Quality Assurance/Regulatory Affair - Medical Device / Pharma

Job Description:

• Experience to prepare and review the documentation required for the ISO 9001:2015, EN ISO 13485: 2016, Quality management System, WHO-GMP, EU MDR 2017/745, IMDR 2017.
• Knowledge and preparing documents such as Quality Manual, Site Master File, SOP’s, Change Control, Deviation, CAPA, Incident, and Customer complaint, Management Review Meeting, pdate Harmonized Standards, Internal Quality Audits, Audit calendar, Audit plan, List of Quality Records, Distribution of documents, PMS and PMCF.
• Preparing and reviewing the Technical Master File (TMF) and Design File for CE Submission accordance with regulatory guidelines.
• Exposure of various countries regulatory such as a African Countires, Latin America, Europe, Maintain compliance with the ROW market. and etc.

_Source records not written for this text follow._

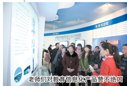
老师们对教育信息化产品赞不绝口

“用发短信的方式与学生家长保持联系，不仅方便了学校开展工作，更有利于家长教育孩子。”日前，由郑州移动承办的“我的梦想，未来世界”教师交流活动隆重举行。来自新郑、新密、中牟等县市的10余位农村小学校长、教师和来自郑州市政通路小学的教师代表齐聚一堂，共同分享了在教育、教学方面的心得、体会。
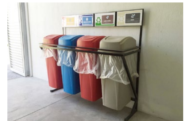
• Respetuoso con el medio ambiente.
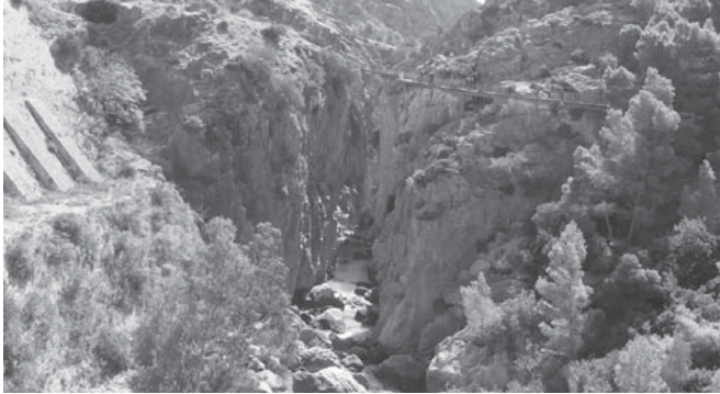
Caminito del Rey. VIVA

Se puede llegar al paraje a través del servicio de Cercanías hasta El Chorro/Caminito del Rey desde las estaciones María Zambrano y Málaga Centro. El Caminito del Rey cuenta con un centro de recepción de visitantes ubicado en el término municipal de Ardales que dispone de aparcamiento con
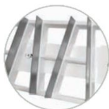
Particolare struttura rabot 12x28

Materiali Manico e base FRRAS12X28-01 in ABS Lame FRRAS12X28-01 in acciaio
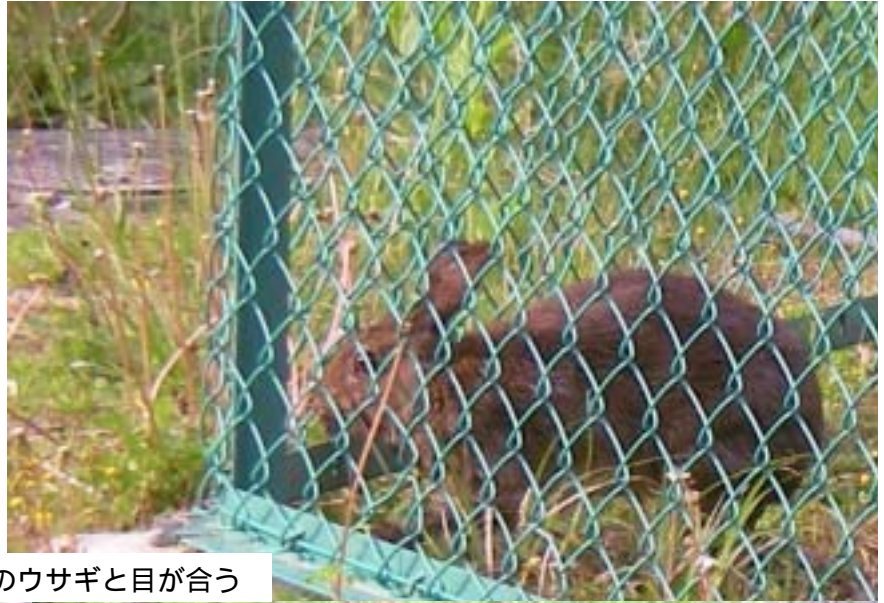
写真7 フェンスの外のウサギと目が合う
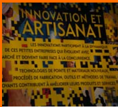
PHOTO EXPOSITION CITE DES SCIENCES
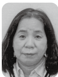
井原水産㈱土佐奈美枝
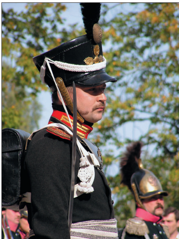
И.Э. Ульянов в форме поручика Московского гренадерского полка. 1812. Реконструкция.

Офицерский корпус армии преимущественно комплектовался представителями потомственного дворянства. Дворяне, добровольно вступая в армию сразу в унтер-офицерском чине, должны были прослужить 3 года для получения первого офицерского звания, хотя в ряде случаев этот срок менялся.
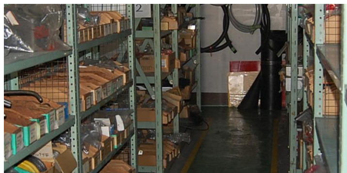
■ ■ 部品販売
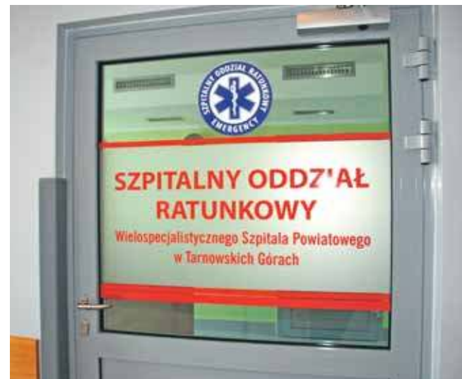
Od początku roku policjanci byli wzywani na SOR ponad 30 razy

Kara za naruszenie nietykalności cielesnej osób biorących udział w działaniach ratowniczych i niosących pomoc ma wynosić od 3 miesięcy do 5 lat pozbawienia wolności.
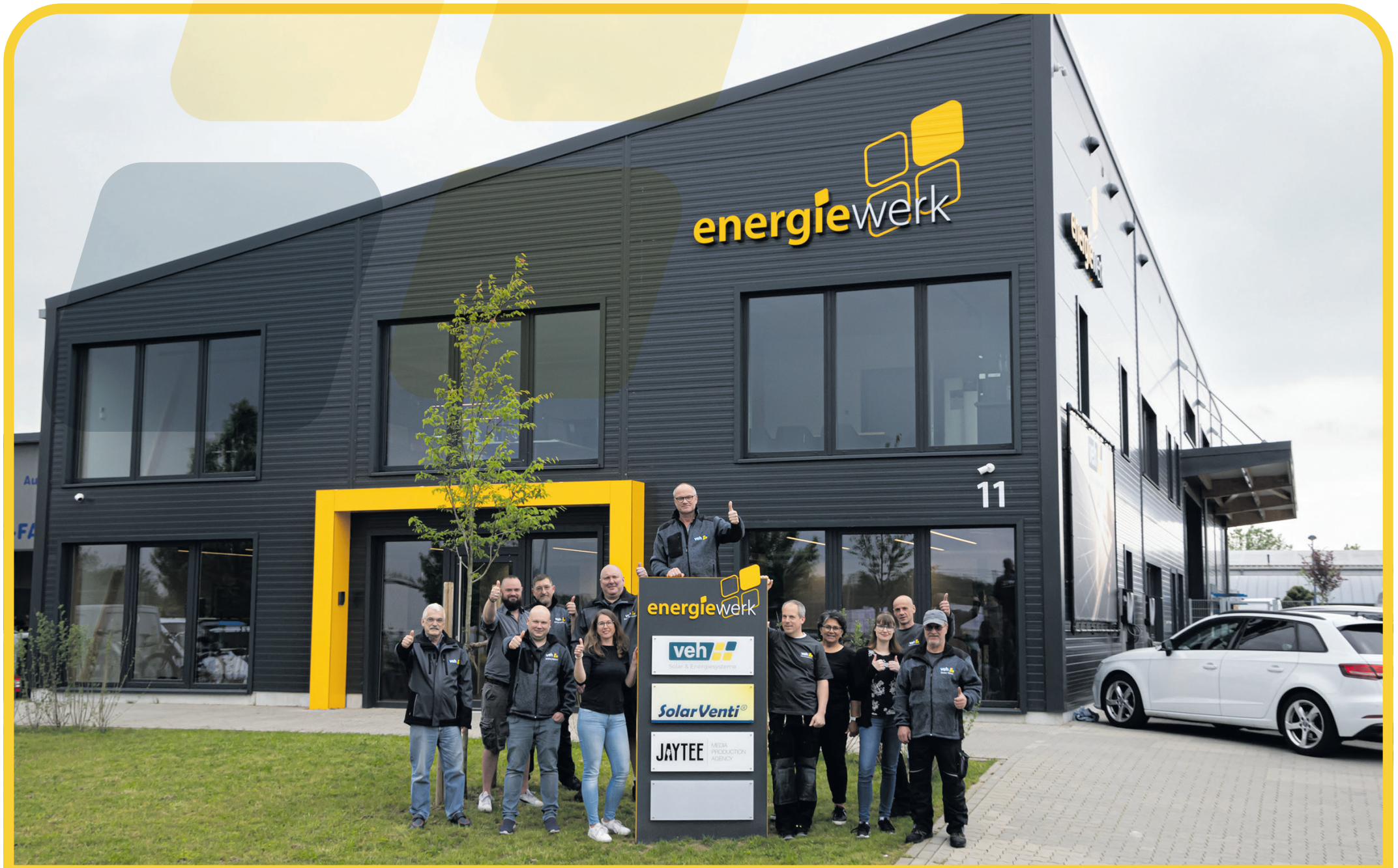
Das VEH-Team vor dem neuen Firmenstandort an der Friedrich-Vorwerk-Straße 11 in Tostedt. Ein Teil der Mitarbeiter fehlt auf dem Bild

VEH Solar- und Energiesysteme - neues Firmengebäude in Tostedt wurde in Betrieb genommen
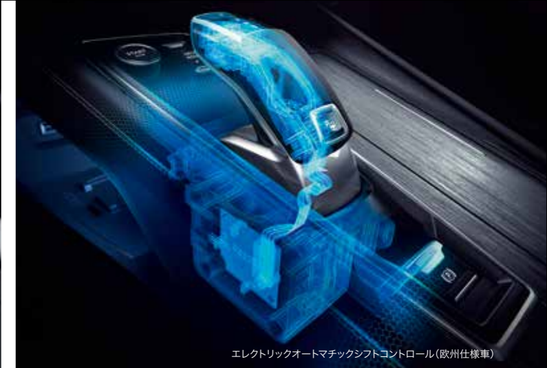
エレクトリックオートマチックシフトコントロール(欧州仕様車)
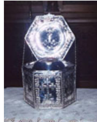
Η τίμια κάρα του Αγίου Αρσενίου του Καππαδόκη, που βρίσκεται στο Ιερό Ησυχαστήριο στη Σουρωτή Θεσσαλονίκης
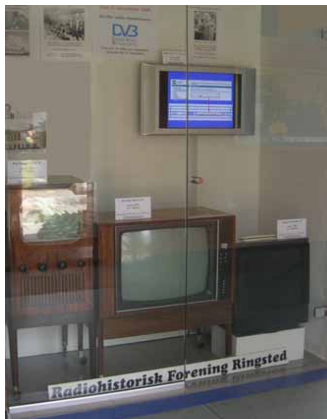
Den nye fine glasmontre på EUC Ringsted hovedgangen
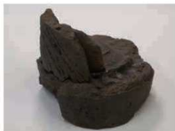
14 平城宮系軒丸瓦 (6304D) の「歯車接合」
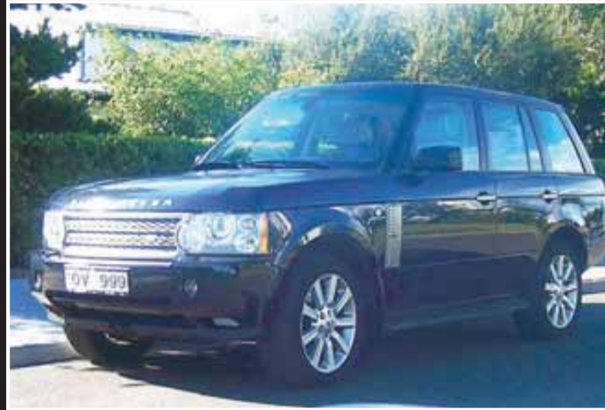
RANGE-INN Björgólfur keyrir dagsdaglega um á tveggja ára gömlum jeppa.
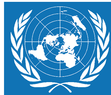
Das Logo der UN

Die Charta der UN wurde auf der Gründungskonferenz in San Francisco (25.4.-26.6.1945) ausgearbeitet, die dann zum Ende der Konferenz von fünfzig teilnehmenden Staaten unterzeichnet wurde. Mit der Ratifizierung durch die Mehrheit der Unterzeichnerstaaten trat diese am 24.10.1945 in Kraft.
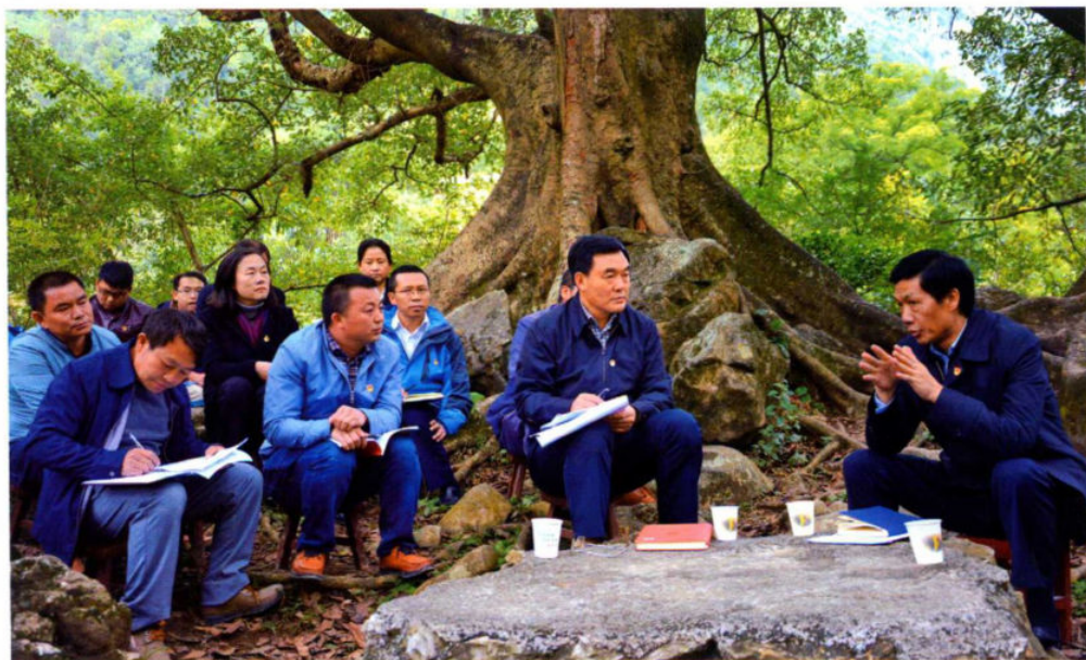
11月18日，市委书记李再勇到盘县保基乡宣讲十八届六中全会精神。他强调要认真学习贯彻党的十八届六中全会精神，坚决维护以习近平同志为核心的党中央权威，坚定不移推进全面从严治党，充分发挥各级党委领导核心作用、基层党组织战斗堡垒作用和党员先锋模范作用，把学习成果转化为决战脱贫攻坚的创造力、发展动力
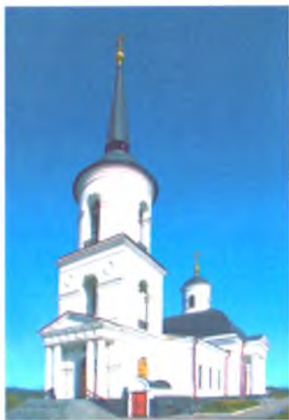
Храм Рождества Христова стр. 7
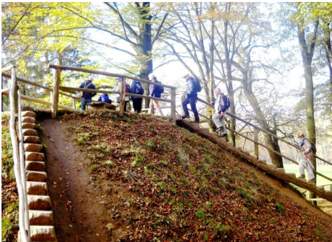
Aufstieg zu einem Beobachtungspunkt im Rotwild-Gehege
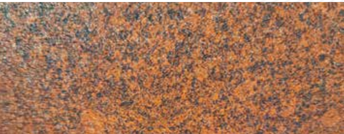
COATEEL® MPCORTEN RC4

MURO PATTERN Vorlackierter Stahl mit Kunstbetonwandeffekt; mit einer starken visuellen Wirkung wurde das Lackiersystem entwickelt, um die Einschränkungen von mit laminiertem Kunststoff überzogenem Stahl zu kompensieren. Die aliphatische transparente Oberfläche garantiert eine signifikante Beständigkeit für den externen Gebrauch mit einer ungefähren Lebensdauer von mindestens 15 Jahren.

• Reviewed the Calibration and Process Validation activity; authorize to maintain DQ, IQ, OQ and PQ of Various instruments.
• Preparing Annual product review report.
• Prepare checklist for the warehouse and vendor audit as per the ISO 13485 standard.
• Submission of license variations and renewals within strict deadlines;
• Prepare the specifications of testing of raw material, In-process Material, Packing Material and Finished Products.
• Monitor and trend key quality objectives of all departments.
• Maintenance of IQA documents with its report and evidence.
• Knowledge and prepare about MRM (Management Review Meeting)
• Maintaining External Audit Documents and compiling its evidence.
• Reviewing and maintaining Artwork, Pack insert and labels.
• Maintain and update Post marketing surveillance reports. Knowledge about
• Coordinate with R&D and manufacturing to develop validation protocol for production process and generating the final report.
• Review all data prior to submission to regulatory agencies, focusing on CE regulatory submissions.
• Support team leader to respond to queries of regulatory authorities and external audits.